Volles Auswärtsprogramm

Fast alle Teams der Region stehen am Wochenende auf der Platte. Heimvorteil genießen dabei nur die Leisniger Männer.

Von Dirk Westphal und Harald Grotzke

Kristin Fiedler und die Frauen des Roßweiner SV fahren als Spitzenreiter zum BSC Motor Rochlitz und wollen diese Position auch nach dem Spieltag innehaben.
Kristin Fiedler und die Frauen des Roßweiner SV fahren als Spitzenreiter zum BSC Motor Rochlitz und wollen diese Position auch nach dem Spieltag innehaben.

© André Braun

Döbeln. Nachdem in den vergangenen Wochen speziell im Spielbereich auf Landesebene noch nicht alle Vertreter der Region antreten mussten, gibt es am Wochenende ein volles Programm in fast allen Spielklassen.

Sachsenliga Männer

Zum Aufsteiger Zwönitzer HSV (6./2:2) muss die HSG Neudorf/Döbeln (10./0:2) reisen. Nach der deutlichen Auftaktniederlage in Görlitz sollten sich die Mittelsachsen keine zweite Schlappe einhandeln, denn dann wäre der Saisonstart total misslungen.

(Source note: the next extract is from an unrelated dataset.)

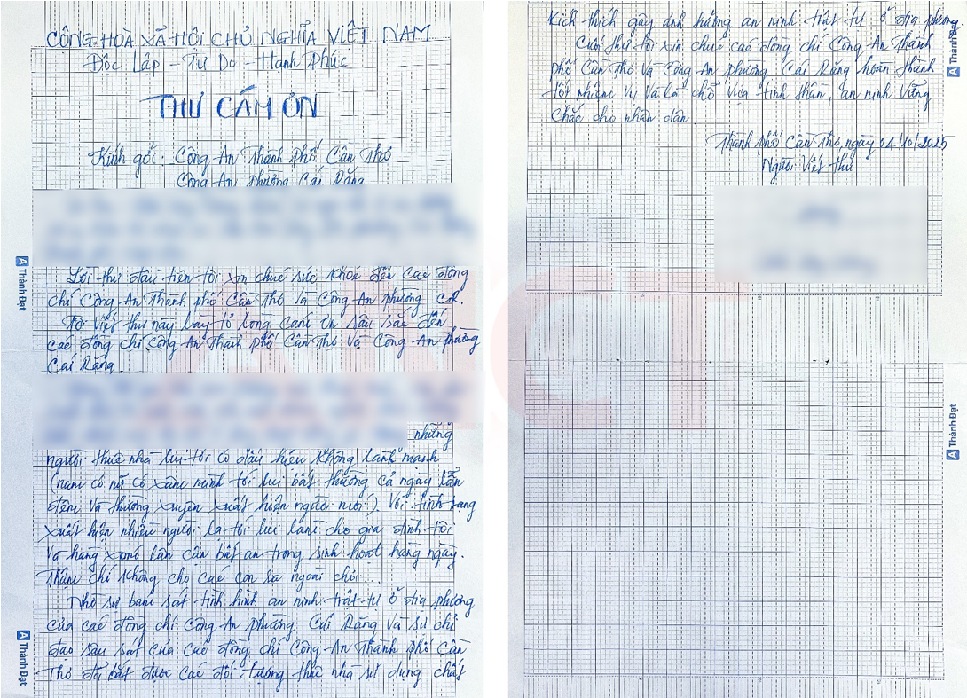 Người dân gửi thư cảm ơn lực lượng Công an phường Cái Răng

Der Aufsteiger wird sich zu Hause aber sicher viel vornehmen und muss auch ernst genommen werden. Für die Neudorf/Döbelner geht es darum, eine optimale Leistung zu zeigen und die Fehler der bisher ausgetragenen Partien zu vermeiden. HSG-Trainer Thomas Schneider sagte: „Wir brauchen ein Erfolgserlebnis, und so wollen wir das Spiel auch angehen.“ Die Neudorf/Döbelner müssen dabei auf drei Urlauber sowie auf Lars Ettelt verzichten, der nach seiner Blauen Karte in Görlitz für zwei Spiele gesperrt wurde.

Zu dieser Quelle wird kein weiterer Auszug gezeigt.